▽

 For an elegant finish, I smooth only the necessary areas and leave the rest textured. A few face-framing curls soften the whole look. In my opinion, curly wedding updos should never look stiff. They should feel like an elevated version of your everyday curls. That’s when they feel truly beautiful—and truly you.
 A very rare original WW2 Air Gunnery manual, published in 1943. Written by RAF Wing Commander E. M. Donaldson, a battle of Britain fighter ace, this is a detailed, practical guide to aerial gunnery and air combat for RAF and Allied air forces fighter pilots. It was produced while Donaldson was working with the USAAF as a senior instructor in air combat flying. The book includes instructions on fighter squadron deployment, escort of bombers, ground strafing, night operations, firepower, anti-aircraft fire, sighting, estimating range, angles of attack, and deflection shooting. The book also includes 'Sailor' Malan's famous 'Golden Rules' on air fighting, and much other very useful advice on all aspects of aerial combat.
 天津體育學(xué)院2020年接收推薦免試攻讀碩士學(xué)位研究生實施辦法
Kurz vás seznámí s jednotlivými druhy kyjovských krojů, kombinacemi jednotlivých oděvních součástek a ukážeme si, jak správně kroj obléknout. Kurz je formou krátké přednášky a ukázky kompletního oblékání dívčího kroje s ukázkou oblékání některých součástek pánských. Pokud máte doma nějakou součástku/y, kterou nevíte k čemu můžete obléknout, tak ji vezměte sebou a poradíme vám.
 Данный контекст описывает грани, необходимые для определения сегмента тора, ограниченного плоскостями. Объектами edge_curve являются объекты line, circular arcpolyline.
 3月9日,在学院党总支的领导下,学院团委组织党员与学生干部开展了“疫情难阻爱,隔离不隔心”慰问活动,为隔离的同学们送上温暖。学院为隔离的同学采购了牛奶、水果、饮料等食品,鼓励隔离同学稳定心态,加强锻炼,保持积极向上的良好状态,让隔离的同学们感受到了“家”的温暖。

△
▽

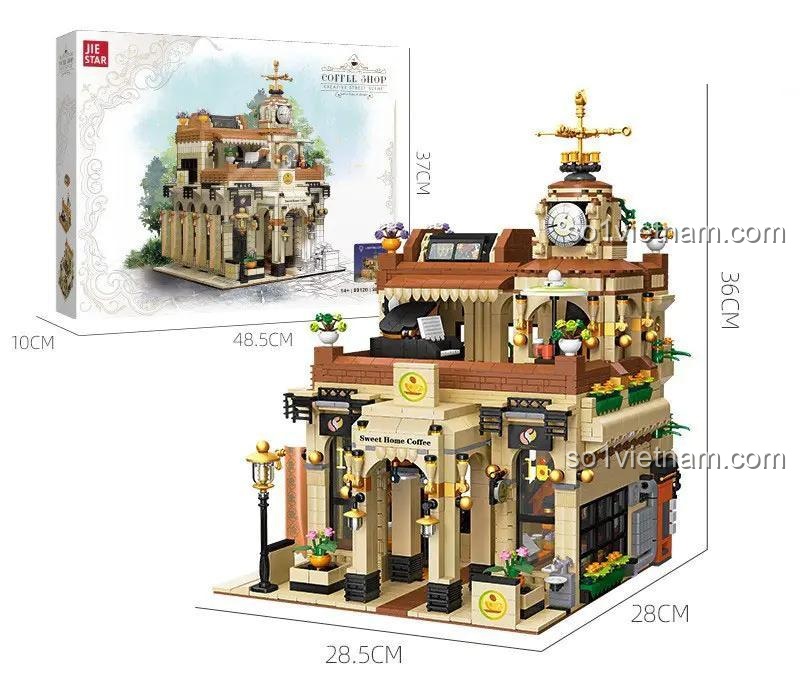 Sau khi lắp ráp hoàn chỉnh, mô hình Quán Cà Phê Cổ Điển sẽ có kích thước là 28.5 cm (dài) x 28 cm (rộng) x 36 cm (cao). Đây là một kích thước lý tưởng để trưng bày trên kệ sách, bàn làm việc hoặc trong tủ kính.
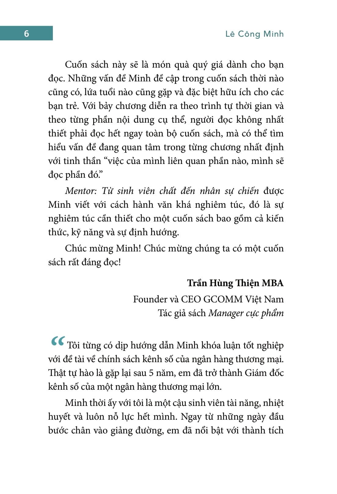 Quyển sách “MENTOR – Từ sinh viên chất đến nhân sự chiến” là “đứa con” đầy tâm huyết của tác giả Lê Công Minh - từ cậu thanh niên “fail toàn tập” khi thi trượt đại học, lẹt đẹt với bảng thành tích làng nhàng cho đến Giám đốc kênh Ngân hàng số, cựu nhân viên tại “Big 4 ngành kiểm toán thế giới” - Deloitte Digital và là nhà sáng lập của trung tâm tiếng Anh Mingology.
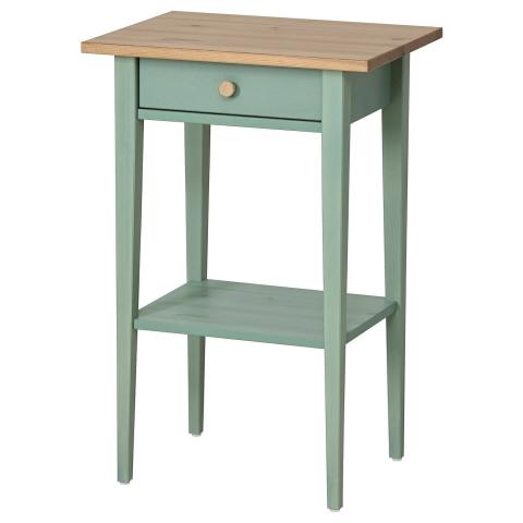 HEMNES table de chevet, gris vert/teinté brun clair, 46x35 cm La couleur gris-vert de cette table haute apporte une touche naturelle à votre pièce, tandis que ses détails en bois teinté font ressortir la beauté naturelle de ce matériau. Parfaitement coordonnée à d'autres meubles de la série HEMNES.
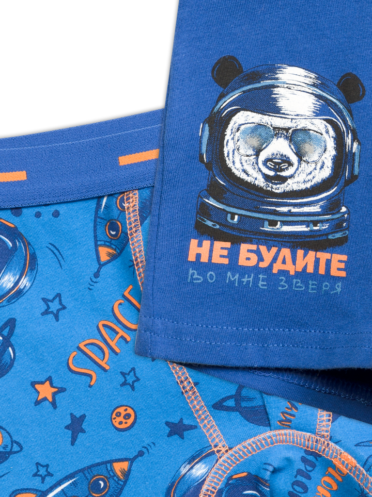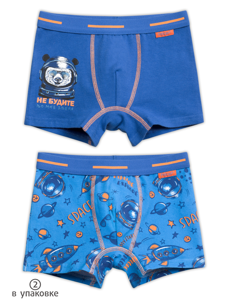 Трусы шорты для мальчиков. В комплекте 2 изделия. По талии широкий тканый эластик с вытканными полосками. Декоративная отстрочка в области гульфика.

△

— HOW TO COMPLETE THIS TASK —
In the listing above, find the line with "For an elegant" and the line with "天津體育學(xué)院202", then print exactly those two lines and every line between them, and nothing more.

— RESPONSE TO THE EXERCISE —
 For an elegant finish, I smooth only the necessary areas and leave the rest textured. A few face-framing curls soften the whole look. In my opinion, curly wedding updos should never look stiff. They should feel like an elevated version of your everyday curls. That’s when they feel truly beautiful—and truly you.
 A very rare original WW2 Air Gunnery manual, published in 1943. Written by RAF Wing Commander E. M. Donaldson, a battle of Britain fighter ace, this is a detailed, practical guide to aerial gunnery and air combat for RAF and Allied air forces fighter pilots. It was produced while Donaldson was working with the USAAF as a senior instructor in air combat flying. The book includes instructions on fighter squadron deployment, escort of bombers, ground strafing, night operations, firepower, anti-aircraft fire, sighting, estimating range, angles of attack, and deflection shooting. The book also includes 'Sailor' Malan's famous 'Golden Rules' on air fighting, and much other very useful advice on all aspects of aerial combat.
 天津體育學(xué)院2020年接收推薦免試攻讀碩士學(xué)位研究生實施辦法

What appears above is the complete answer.